Simple Pleasures
Tuesday, December 19th, 2000 (49th day off Paxil).
Scott said:
“I was driving into work through the most beautiful countryside this morning and remembering something someone said about how the colours are so much more vibrant when you are off the Paxil, and I was thinking about the fact that nothing has really touched me since I went on the Paxil, and that I don’t feel like I’ve really experienced things deeply — colours or smells or joy or excitement.”
This is something I can relate to. It’s something I’ve noticed even more since I began weaning myself off the Paxil, which completely messed with my normal capacity to appreciate the world around me. Over the years I’ve developed an appreciation and a connection to simple things, uncomplicated things. Things which are diminished by words: sunshine, gut-driven laughter, a compassionate touch, a genuine smile, a cool breeze that can lift you out of the weight of your days, poetry. All that good stuff.

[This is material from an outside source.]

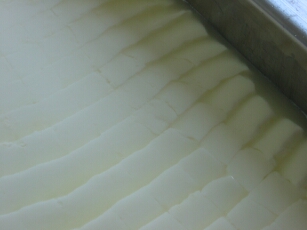 | Wenn die Milchsäurebakterien gut gewachsen sind, wird gelabt. Das heißt es kommt Lab dazu und die Milch wird dick, es entsteht eine galllertartige Masse. Diese muss dann in kleine Würfel geschnitten werden,damit die Molke austreten kann. | |||||

I can remember the last time I had a moment like this. It was somewhere between the hell of my cold turkey withdrawal and the beginning of my weaning off the Paxil. I was on shaky ground, but I remember taking a walk behind our house in the woods with my father’s dog. I was walking past a crab apple tree in our backyard just at the edge of the woods when I heard a thump. It didn’t make me jump ten feet in the air like it would later on in the withdrawal.
I turned slowly and looked around, trying to figure out what had made the sound. I was standing there looking at this crab apple tree, a crab apple tree that was weighed down with these huge red and yellow apples. Then I knew it: One of those big apples had fallen out of the tree and thumped against the ground. That was the sound. And just as I was thinking that, another apple fell free, and I smiled.
It was one of those moments that wouldn’t have happened had I been three footsteps further down the path when the first apple fell. The whole thing probably took less than a minute to be over and done with, but I can still remember the joy of being able to appreciate that moment, the calm and the quiet of it all. Reading this you may not have any idea what I’m talking about it. But it was a moment of deep of appreciation, of being glad to be alive.
That sort of appreciation requires a certain kind of willingness, a certain kind of calm that allows a moment like that to happen in the first place. And since I’ve been living in Paxil Hell, I haven’t lived a single second like that. Believe me, I have wanted to die.
But there is a happy ending to this (I think). But I’ll tell you about that in a day or two. I’m not ready yet.